WHAT IS EXPECTED:
With pictures left out, retype exactly the lines from the one containing "Custom Orange Eagle" through the final line of the entries.

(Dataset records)
###

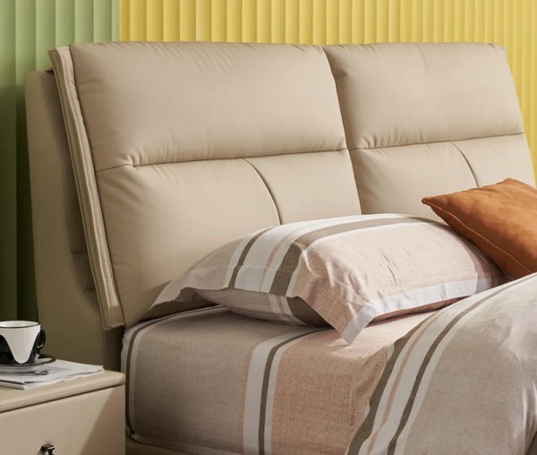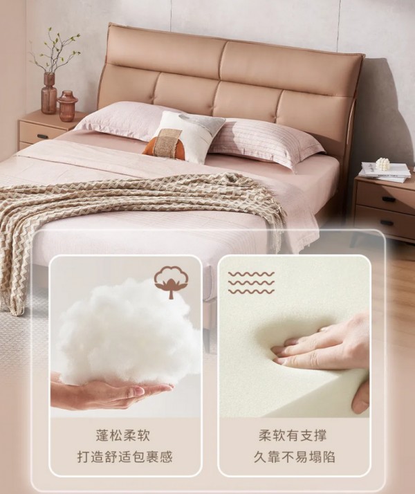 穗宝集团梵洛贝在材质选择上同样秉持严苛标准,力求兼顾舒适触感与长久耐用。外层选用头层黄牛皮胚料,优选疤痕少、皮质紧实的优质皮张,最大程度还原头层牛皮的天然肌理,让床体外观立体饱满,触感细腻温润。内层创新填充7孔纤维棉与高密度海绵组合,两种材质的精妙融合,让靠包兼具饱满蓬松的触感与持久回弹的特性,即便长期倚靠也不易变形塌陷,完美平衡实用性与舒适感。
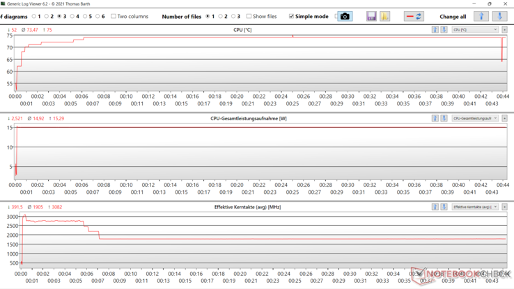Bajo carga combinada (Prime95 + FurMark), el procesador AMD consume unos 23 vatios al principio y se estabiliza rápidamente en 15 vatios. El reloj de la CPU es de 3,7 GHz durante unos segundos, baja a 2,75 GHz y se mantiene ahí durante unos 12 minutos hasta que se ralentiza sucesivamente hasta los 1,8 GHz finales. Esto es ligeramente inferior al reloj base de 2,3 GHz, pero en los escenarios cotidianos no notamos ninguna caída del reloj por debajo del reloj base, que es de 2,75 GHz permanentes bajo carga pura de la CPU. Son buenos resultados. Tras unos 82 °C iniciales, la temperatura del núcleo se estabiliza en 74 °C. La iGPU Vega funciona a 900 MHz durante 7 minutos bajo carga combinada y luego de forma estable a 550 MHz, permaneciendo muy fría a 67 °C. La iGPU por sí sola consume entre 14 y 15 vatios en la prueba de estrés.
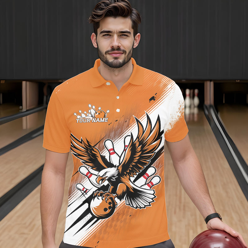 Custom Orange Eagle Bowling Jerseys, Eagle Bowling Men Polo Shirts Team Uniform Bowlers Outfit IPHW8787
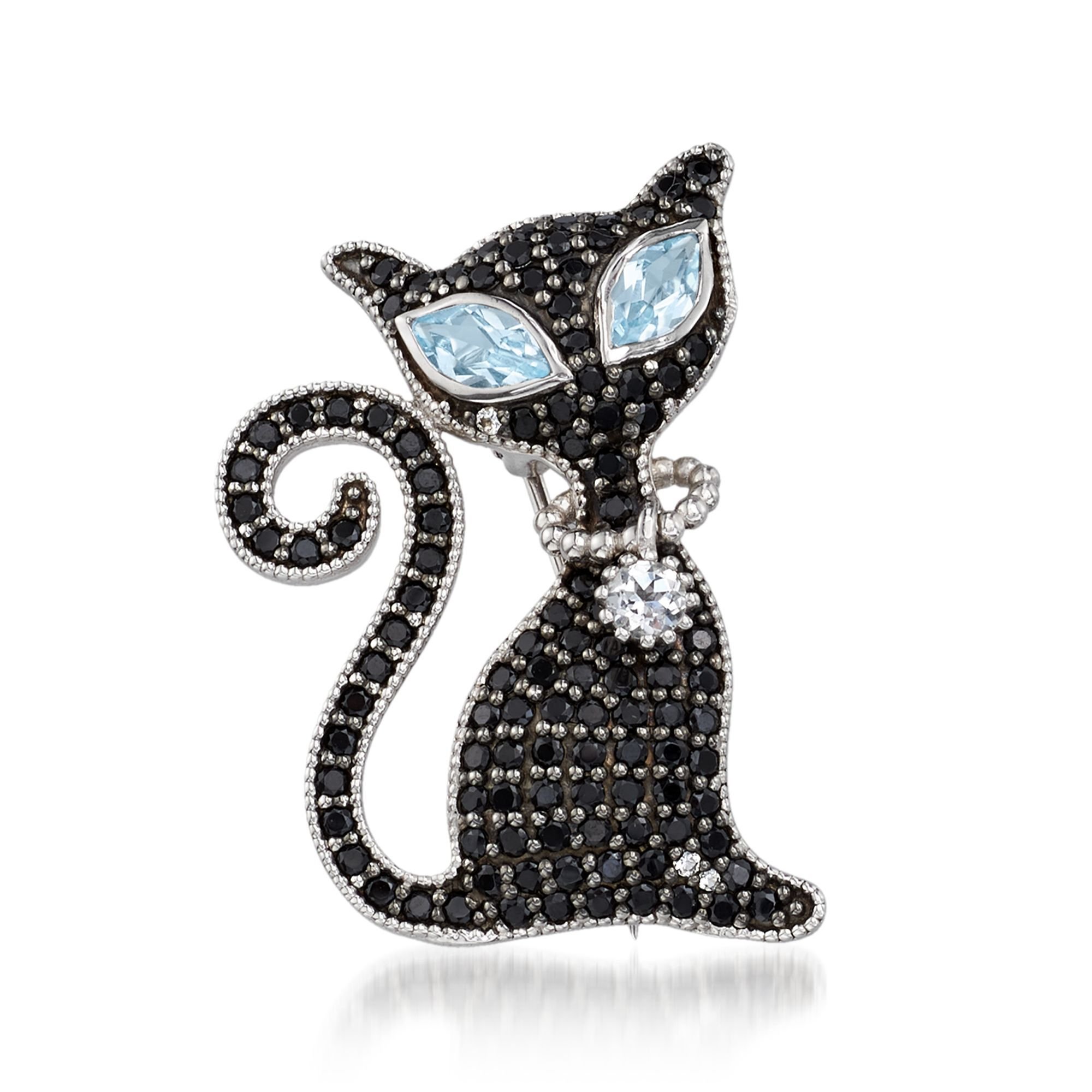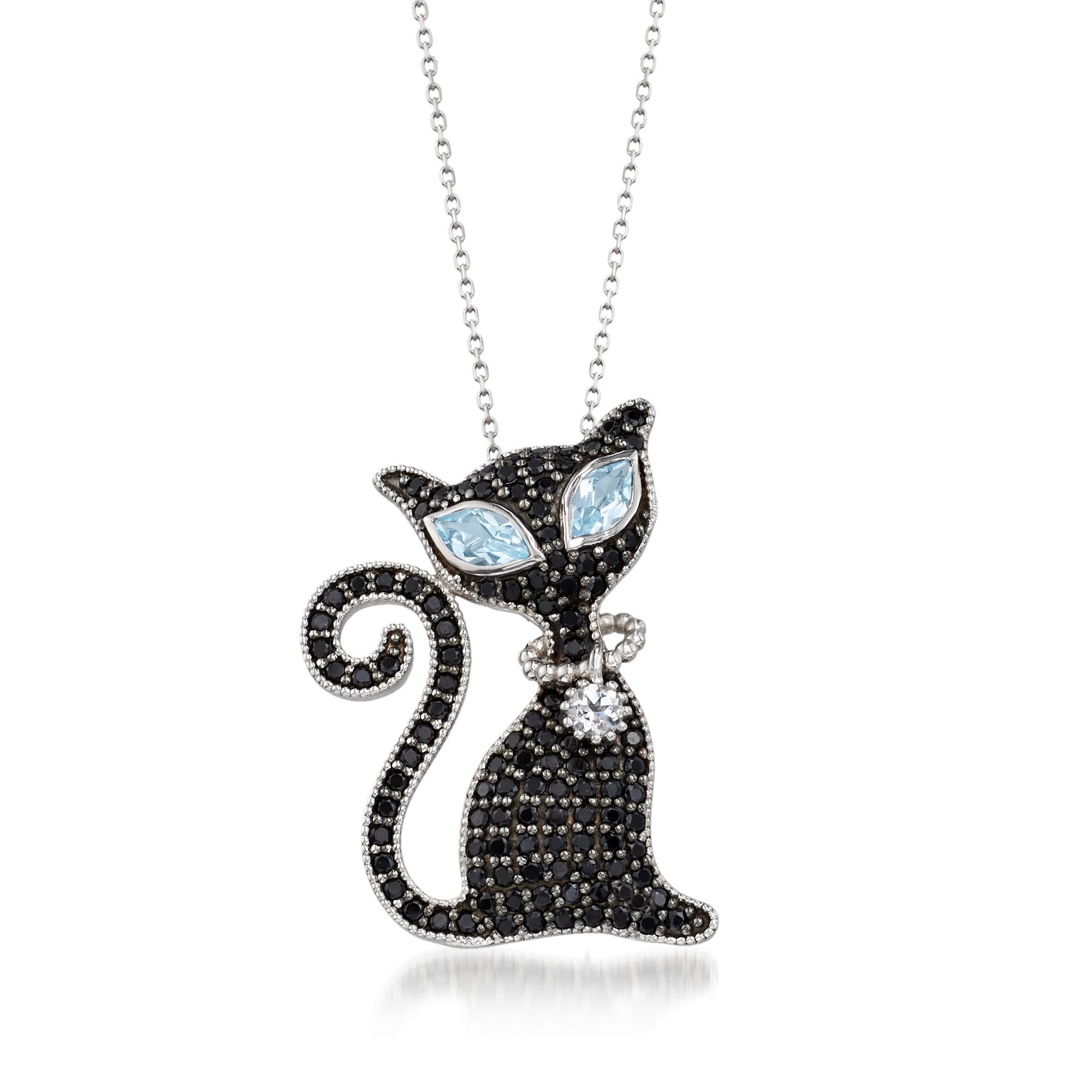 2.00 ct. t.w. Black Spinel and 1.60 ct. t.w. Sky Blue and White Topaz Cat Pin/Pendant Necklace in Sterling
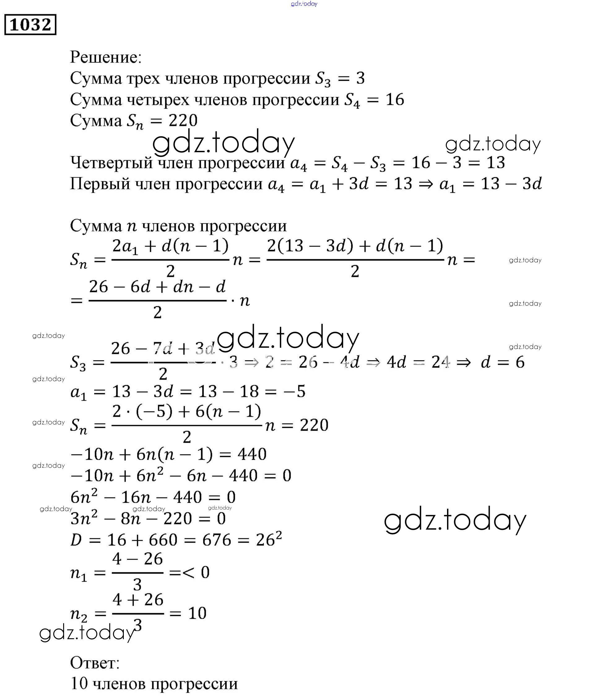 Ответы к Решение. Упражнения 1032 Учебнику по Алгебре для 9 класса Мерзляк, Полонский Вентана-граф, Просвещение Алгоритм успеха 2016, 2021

###

RESULT FOR THIS EXERCISE:
 Custom Orange Eagle Bowling Jerseys, Eagle Bowling Men Polo Shirts Team Uniform Bowlers Outfit IPHW8787
 2.00 ct. t.w. Black Spinel and 1.60 ct. t.w. Sky Blue and White Topaz Cat Pin/Pendant Necklace in Sterling
 Ответы к Решение. Упражнения 1032 Учебнику по Алгебре для 9 класса Мерзляк, Полонский Вентана-граф, Просвещение Алгоритм успеха 2016, 2021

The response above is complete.